At its heart, the sophisticated Oxford Nanopore technology is simple, as shown in the image above,

  • A strand of DNA is threaded through a tiny hole in a membrane - a nanopore.
  • Each of the four chemical letters (A, T, G and C) creates a distinct electrical signal as it passes through the pore – and the DNA sequence can be read out from the electrical trace, one letter at a time.

30 second video


read the full blog for more:
  • why full sequencing help pinpoints the biology behind ME/CFS
  • why the long read of the nanopore approach is so important (finds genetic changes other methods miss
  • plus nanopore method detects gene silencing (epigenetics)
  • cutting edge data analysis from the European Bioinformatics Institute, a partner in the study

Wow - amazing news!!!
 
I didn't know this. So this would be an area of technology and biomedicine where ME/CFS is actually in the lead?
Yes, according to Chris. Although it's qualified by this kind of long-Read sequencing that also picks up epigenetic signals.

It is, astonishing, though and something to celebrate.


I'm confused by this bit. I thought you were saying the existing DecodeME samples are already available? Or are they from a later batch than those used in the origin
Sorry for the ambiguity – I was saying that the samples are good to go. Which obviously saves a huge amount of time and money. For long Covid, they first have to agree a case definition of LC, then go out and recruit people, collect samples and do DNA extraction.
 
For long Covid, they first have to agree a case definition of LC
Do you know much about how this is planning to be done?

Because you can pick up quite different things depending on the case definition, and even then, even the strictest definitions will pick up quite a heterogenous group.

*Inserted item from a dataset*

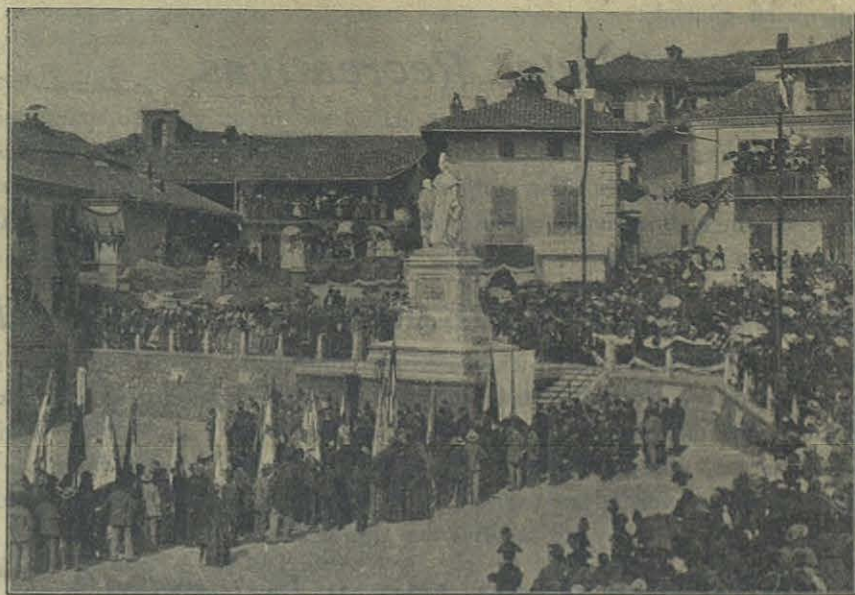
Monumento al Vble. Juan Bosco en Castelnovo de Asti - Turín (Italia) - Año 1898.
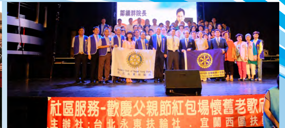
8/20於青少年育樂中心主辦歡慶父親節紅包場-懷舊老歌欣賞

From people who have what looks like OI, to maybe Post-Viral Fatigue, to full blown ME/CFS, to stomach-symptoms post-COVID to who knows what else (and that’s assuming all known pathologies and “minor” things like loss of taste are excluded). And then what happens to post-covid me/cfs samples? do they get included? are they redundant.

Perhaps you’re not the right person to ask this and this isn’t the right thread to pose these questions, sorry if that’s the case. But I’m a bit worried unless there’s a clear vision or very meticulous subtyping that sequence long covid could yield a bit of a muddle data wise.
 
Do you know much about how this is planning to be done?

Because you can pick up quite different things depending on the case definition, and even then, even the strictest definitions will pick up quite a heterogenous group. From people who have what looks like OI, to maybe Post-Viral Fatigue, to full blown ME/CFS, to stomach-symptoms post-COVID to who knows what else (and that’s assuming all known pathologies and “minor” things like loss of taste are excluded). And then what happens to post-covid me/cfs samples? do they get included? are they redundant.

Perhaps you’re not the right person to ask this and this isn’t the right thread to pose these questions, sorry if that’s the case. But I’m a bit worried unless there’s a clear vision or very meticulous subtyping that sequence long covid could yield a bit of a muddle data wise.
In case it helps, a reply of mine to a similar question over on the main SequenceME thread,
The definition is yet to be decided upon and forms part of the work already funded by previous supporters. I can't guarantee at this stage what the definition will be but we are well aware that it will need to be better than anything as vague as "3 months of any symptom at all after a Covid infection". Given that eventually we will be comparing them with DecodeME particpants I personally would like to see all LC participants evaluated with the DecodeME questionnaire for likely ME/CFS status.